If you get through this then you get a design win.
How do I compete in a horizontal AI market?
The good news is that there are lots of opportunities. GPUs are designed for a wide range of high-value AI workloads but also balanced for graphics processing. They have to be balanced, a midpoint between those graphics and compute systems to appeal to both sets of developers and customers. To compete with GPUs, it’s possible to choose workloads that GPUs are not well-tuned for:
- Big-data workloads like recommender networks where compute is less important. You don’t need as many teraflops since many of these networks need more bandwidth. You can tune your processor more for bandwidth and less about compute. Or to have access to very, very large amounts of memory
- Sparse operations, e.g. language networks. GPUs are good at dense operations and ok at sparse operations, but it’s possible to do better with language networks and recommender networks
- Lower-precision, but still high-value networks: e.g. semantic segmentation, which can give efficiency savings
Then you can design hardware that’s tuned for that workload or that range of workloads. But the interesting thing is that even if the workload varies, the software building blocks look very similar. Software building blocks don’t give you an indication of where the performance is being use, whether it is compute bound or bandwidth limited, The software building looks pretty much the same, so you can invest in the building blocks for all of these kind of workloads.

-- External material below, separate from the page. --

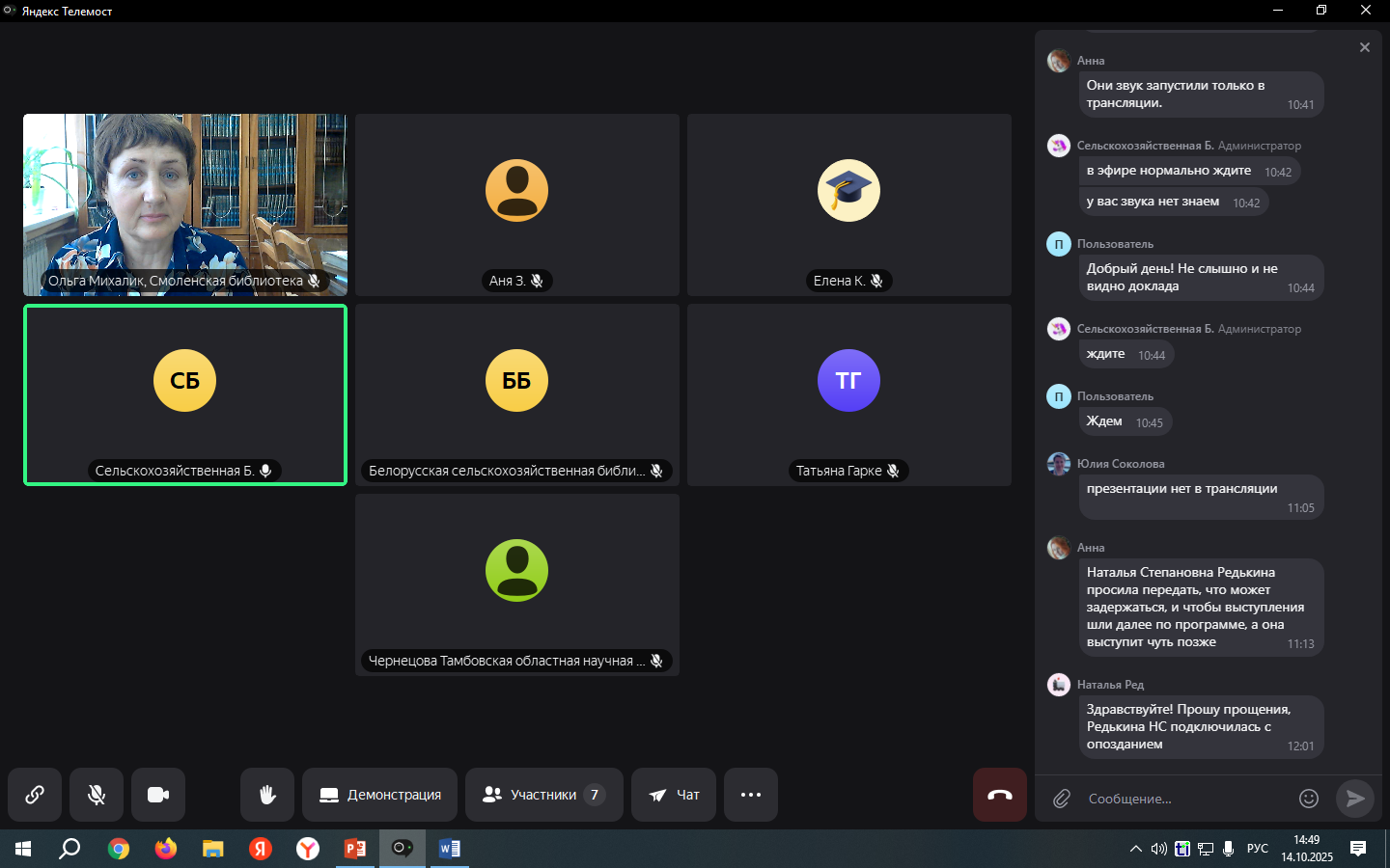 Наша коллега, Ольга Михайловна Михалик, сотрудник отдела редких книг, приняла участие в международной онлайн-конференции «Научные библиотеки в цифровом обществе: проблемы, перспективы, инновации, технологии», которая проходила в Центральной научной сельскохозяйственной библиотеке.

What does a horizontal AI hardware organization look like?
You’re not just selling a chip, you’re selling an organization that your customers can invest in. They’re not investing in your equity like a VC would, they’re investing in your platform, they’re investing software development effort. You’ve got to come across as investable from an organization point of view.

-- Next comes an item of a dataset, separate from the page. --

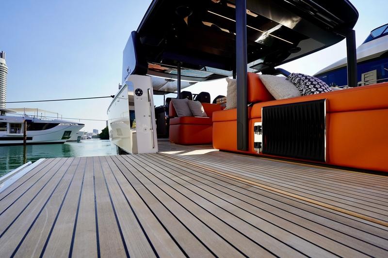 The overall layout emphasizes usability—wide walkaround decks allow easy movement throughout the entire walkaround boat structure, reinforcing a sense of spaciousness and effortless navigation critical to modern yachting design.

The first thing is to be clear about – what is the IP Barrier? What is your secret sauce and what is out in the open? Fundamentally this is your product definition. Your product definition for your customers is NOT known as running ResNet-50 really fast. You are defining a platform that your customer is going to build their software on top of. The software capability of that platform is absolutely crucial to the product definition and they need to have clarity on that. But also your own engineers need to have clarity, and they need to know who owns what, because they’re going to be working on both sides of this IP Barrier.

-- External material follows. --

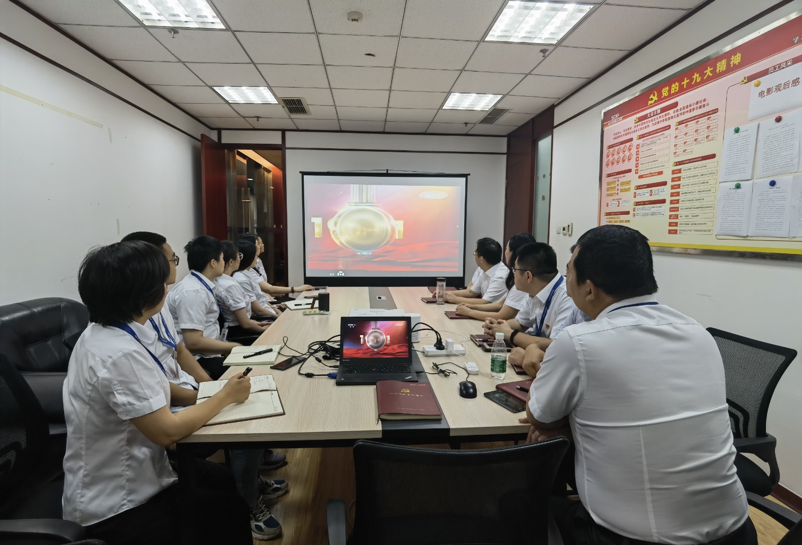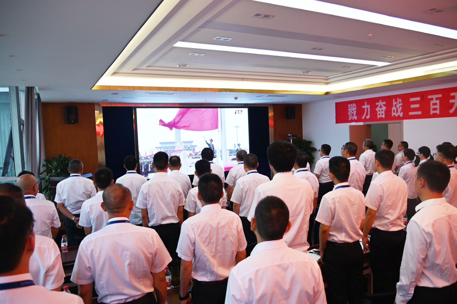 視頻中,習(xí)近平總書記鏗鏘有力的聲音深入人心,從1921到2021,中國共產(chǎn)黨帶領(lǐng)中國人民,從風(fēng)雨飄搖中一路走來,百年征程波瀾壯闊,百年初心歷久彌堅(jiān)。當(dāng)《國歌》《國際歌》相繼響起的時(shí)刻,會場人員紛紛起立,跟隨激昂的旋律整齊高唱。當(dāng)回顧“四史”贊頌黨的偉業(yè)之時(shí),會場人員滿溢出對黨的感恩和身為黨員的自豪。

That’s one of the big challenges right now. You’re going to have your teams working on secret sauce hardware and secret sauce software. You’re going to have to work out how to expose that to software developers in some way. The specifications must be based on things like industry standards (to be discussed later). However, a lot of the other software is out in the open, TensorFlow is a good example of this. The interesting thing is that AI graph compilers generally need to be out in the open and be modified by the customer, because when you add new classes of AI, you need to modify the AI graph compilers. You cannot do everything, and the graph compiler will be limited to certain kinds of operations, developers need to be able to add more of their operations themselves. All of this ecosystem work progresses where you’ve got to be clear to your engineers and your customers that development is going on outside the IP barrier, and there is code within the IP barrier.
Get this right or it is very difficult to do business with software companies buying your chips.
Conclusion
There is a genuine opportunity for chip vendors to take advantage of a fast-growing market, and developers are demanding solutions that can help to process their increasingly complex AI software with better performance. These same developers are looking to avoid being locked in to a proprietary environment and are embracing open standards.
It’s crucial that chip vendors offer an environment that gives developers both performance and the flexibility to optimize software without having to come up with a vertical solution. A horizontal integration is essential to get your next design win.